Exactly, I want a street legal part time track car that may evolve into a full time racer (although if I get hooked, I'll probably get a $10,000 turn key Spec Miata for a full time car).FJCamper wrote:Hi Randy,
As I understand this, you want to build a street-legal but part time historic racer, or maybe just racer.
And not a street legal "hot street" car that looks like a road racer?
It's possible.
One of my soft spots is the bygone era where you could drive your sports car to the track, tape the headlights, take the spare out of the trunk, and race.
Do you have a race organization and class in mind?
FJC
I'll probably race with CACC in Canada. They have three regional classes that the car will "fit".

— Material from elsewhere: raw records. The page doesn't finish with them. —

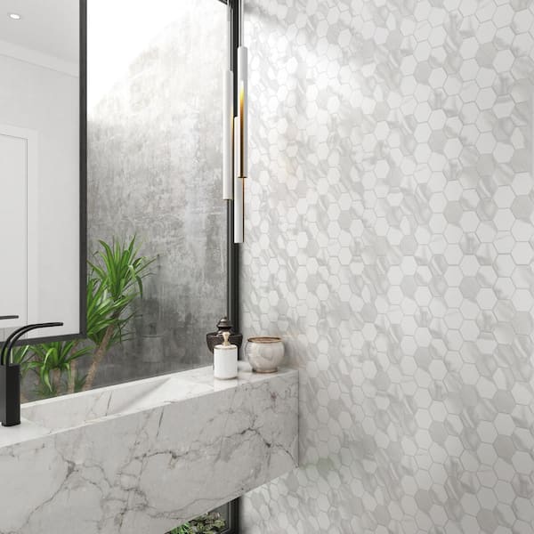 Take Home Tile Sample - 3" Hexagon Statuario White 4 in. x 4 in. Textured Matte Porcelain Wall/Floor Mosaic Tile Sample
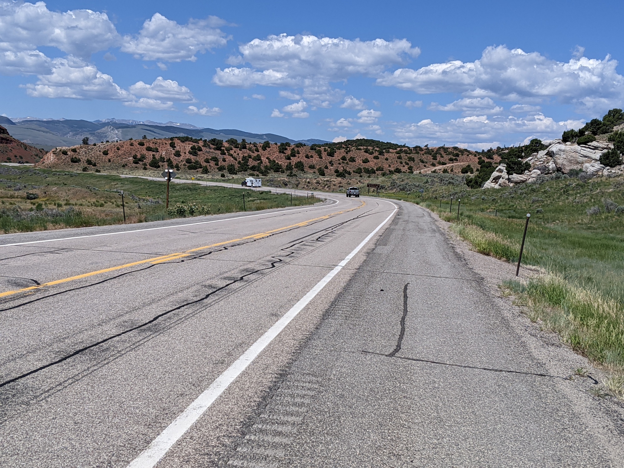 We hit the road around 8 hoping that we would make it to lander in time to go to some bike shops. The ride was supposed to be mostly downhill. The wind was extremely variable during the day. At the beginning we had tailwinds, but the rest of the day was Gusty from different directions. We are approaching the wind river range, which I think is named appropriately. We went flat to uphill for the first 30 miles before going down into the valley towards lander.
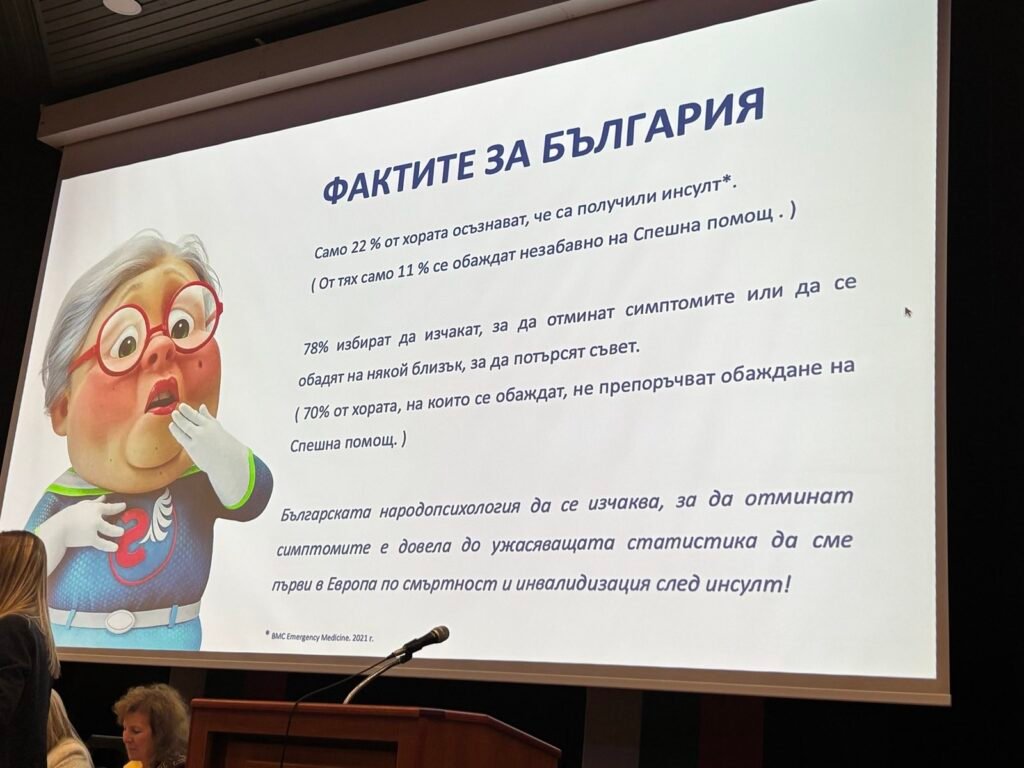 Идеята за популяризиране на програмата у нас е провокирана от тревожната статистика, според която един от всеки 4-ма възрастни получава инсулт през живота си, което се превръща в причина №1 за инавалидизация и смърт в България. Само 22% от хората, попадащи в тази група, осъзнават риска и разпознават правилно симптомите на инсулт, разказа още Хадживълчева.
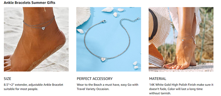 • SIZE: 8.5”+2” extender, adjustable Ankle Bracelet suitable for most people.
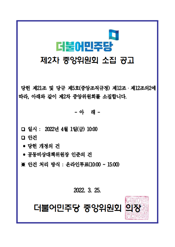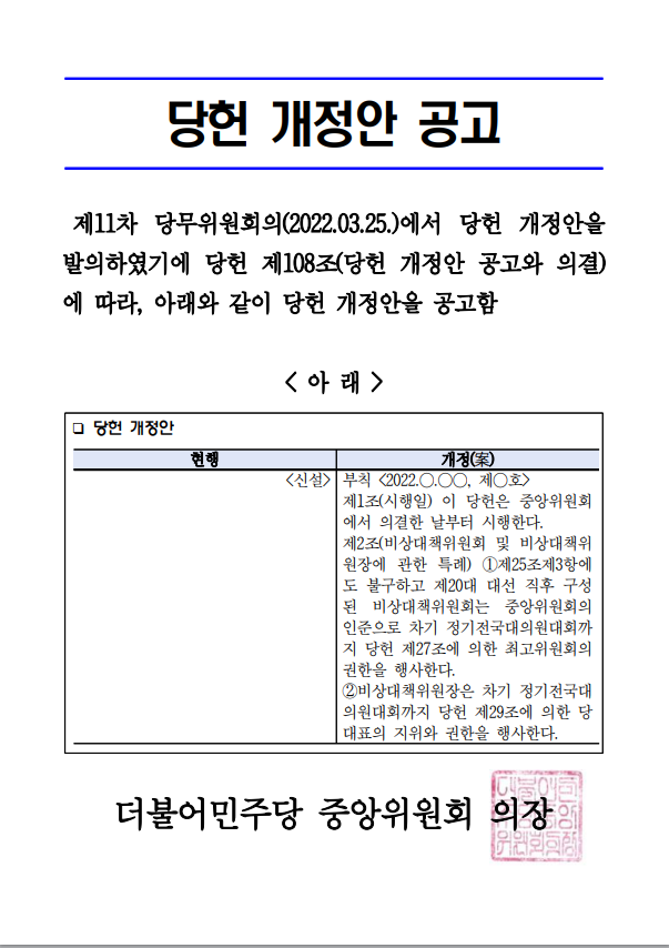 제2차 중앙위원회 소집 및 당헌 개정안 공고

IPE is an "Improved Production" catch all for cars not listed or over prepared for a production class that runs on D.O.T. rubber. As long as the car is *not* listed as a GT or Production Car by SCCA you can run in IPE, going from a single carb to duals would put the Ghia here.
GT-U is a division of the GT-S class for cars over prepped for other production based classes. Could run slicks. GT-U is Under 2000cc.
Vintage - A B-Sedan Ghia would fit perfectly in Vintage as well as in IPE & GT-U
I'm going to bite the bullet and spend $150 on the FIA 581 Homologation paperwork ... just to see what a Group 3 Ghia would look like.
We run two Closed Wheel groups. The IP cars can also run a GT-S class as a secondary entry to get double the track time. The GT-S cars can run IPE with DOT tires. It is all politics and getting time on the track.
My buddy runs Spec Miata and first priority is crew chief for him (he is the BC Club Champ in Spec Miata). The Spec Miatas run with the IP cars, so I'll probably play in GT-U and get my clock cleaned. Norm can crew for me on Vintage Weekends.
I'd also like to do some rallies, just navigational TDS stuff, not WRC Junior.
I'll probably be 62 when I go through driver training in the Ghia. I may decide not to go any farther than that. Tinkering around with the car is it's own reward.